══ DATA BLOCK ══

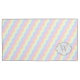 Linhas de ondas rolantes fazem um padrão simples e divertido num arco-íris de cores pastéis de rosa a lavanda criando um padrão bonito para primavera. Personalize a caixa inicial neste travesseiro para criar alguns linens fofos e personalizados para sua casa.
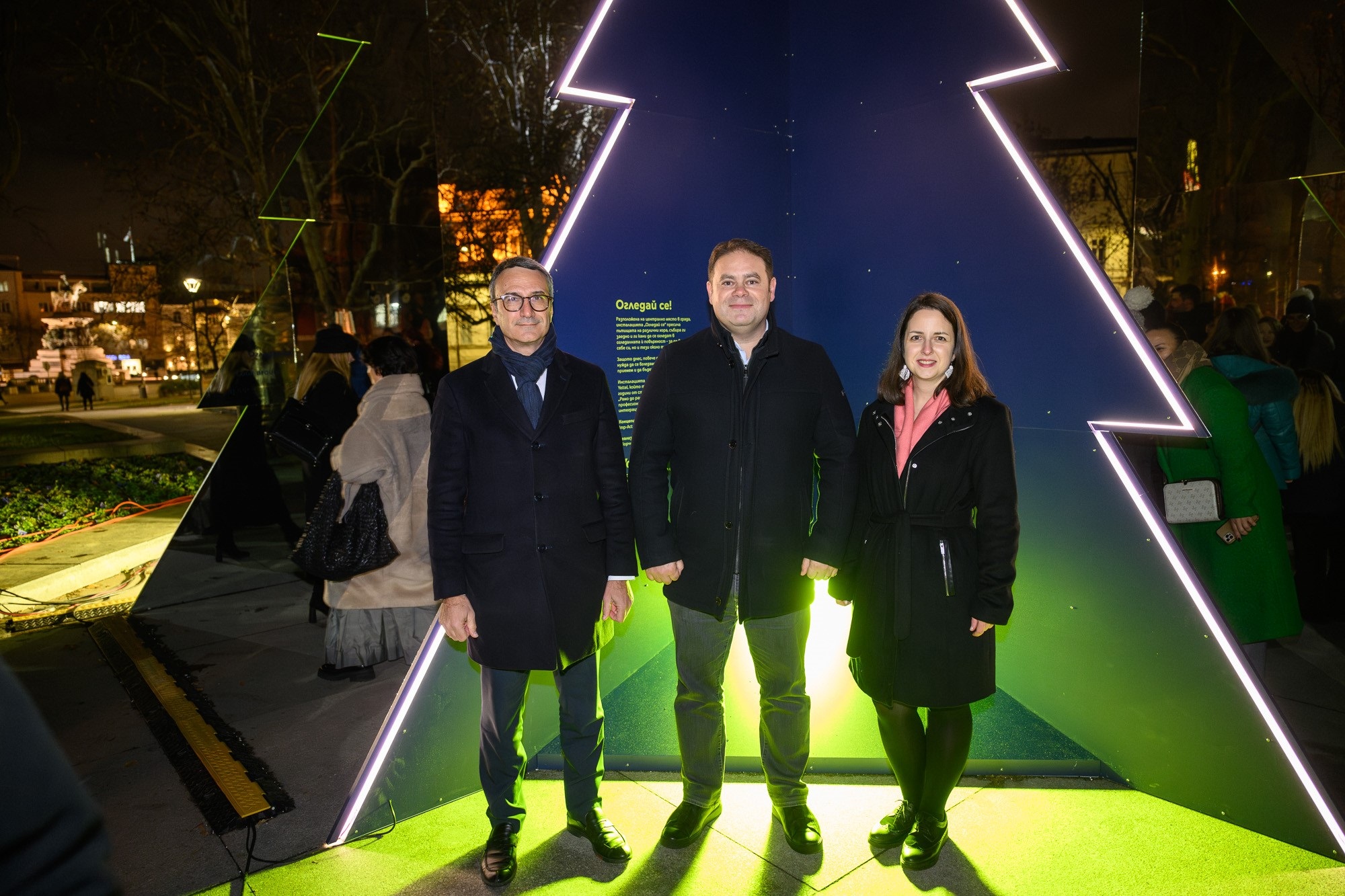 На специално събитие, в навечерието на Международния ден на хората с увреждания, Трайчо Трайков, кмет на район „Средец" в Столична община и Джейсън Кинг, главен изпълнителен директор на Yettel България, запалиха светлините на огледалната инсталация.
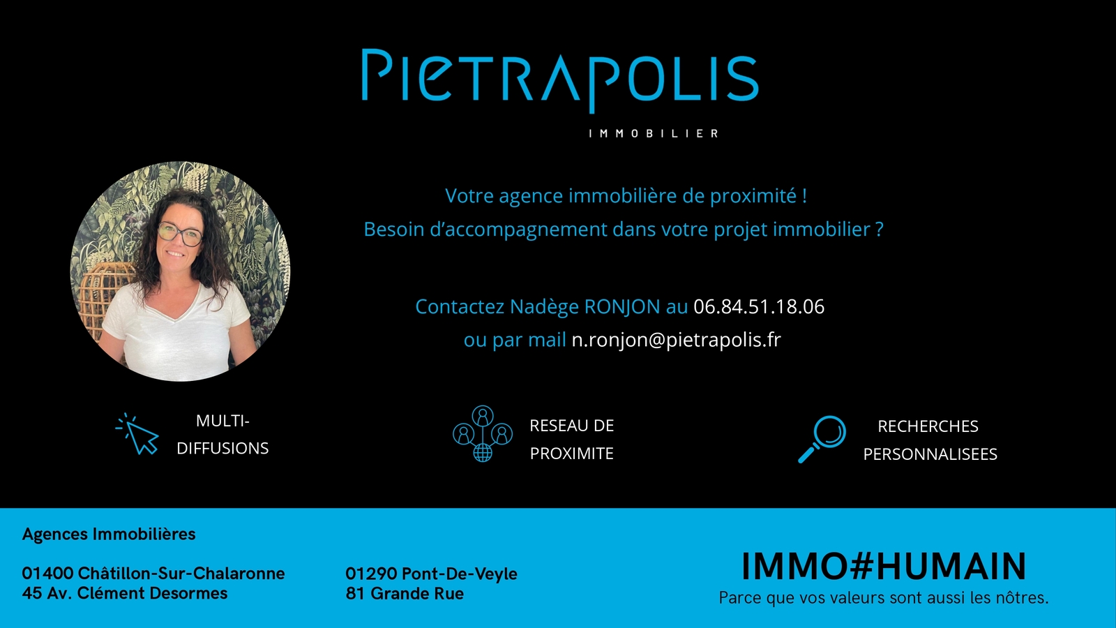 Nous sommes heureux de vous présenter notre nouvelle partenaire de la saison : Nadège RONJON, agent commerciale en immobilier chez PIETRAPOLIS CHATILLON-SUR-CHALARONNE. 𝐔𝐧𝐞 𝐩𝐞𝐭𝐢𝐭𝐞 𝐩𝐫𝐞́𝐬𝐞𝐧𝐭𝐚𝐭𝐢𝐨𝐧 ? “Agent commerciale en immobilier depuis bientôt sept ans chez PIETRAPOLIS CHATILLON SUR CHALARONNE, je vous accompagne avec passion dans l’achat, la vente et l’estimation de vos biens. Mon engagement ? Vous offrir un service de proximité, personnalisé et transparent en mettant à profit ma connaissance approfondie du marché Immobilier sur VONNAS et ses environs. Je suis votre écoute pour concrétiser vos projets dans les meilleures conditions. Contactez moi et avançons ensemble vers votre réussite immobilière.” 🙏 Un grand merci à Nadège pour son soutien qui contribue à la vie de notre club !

═══

> **TASK BRIEF**
Pictures are to be left out; the rest of the listing should be printed exactly.

> **ANSWER FOR THE TASK**
 Linhas de ondas rolantes fazem um padrão simples e divertido num arco-íris de cores pastéis de rosa a lavanda criando um padrão bonito para primavera. Personalize a caixa inicial neste travesseiro para criar alguns linens fofos e personalizados para sua casa.
 На специално събитие, в навечерието на Международния ден на хората с увреждания, Трайчо Трайков, кмет на район „Средец" в Столична община и Джейсън Кинг, главен изпълнителен директор на Yettel България, запалиха светлините на огледалната инсталация.
 Nous sommes heureux de vous présenter notre nouvelle partenaire de la saison : Nadège RONJON, agent commerciale en immobilier chez PIETRAPOLIS CHATILLON-SUR-CHALARONNE. 𝐔𝐧𝐞 𝐩𝐞𝐭𝐢𝐭𝐞 𝐩𝐫𝐞́𝐬𝐞𝐧𝐭𝐚𝐭𝐢𝐨𝐧 ? “Agent commerciale en immobilier depuis bientôt sept ans chez PIETRAPOLIS CHATILLON SUR CHALARONNE, je vous accompagne avec passion dans l’achat, la vente et l’estimation de vos biens. Mon engagement ? Vous offrir un service de proximité, personnalisé et transparent en mettant à profit ma connaissance approfondie du marché Immobilier sur VONNAS et ses environs. Je suis votre écoute pour concrétiser vos projets dans les meilleures conditions. Contactez moi et avançons ensemble vers votre réussite immobilière.” 🙏 Un grand merci à Nadège pour son soutien qui contribue à la vie de notre club !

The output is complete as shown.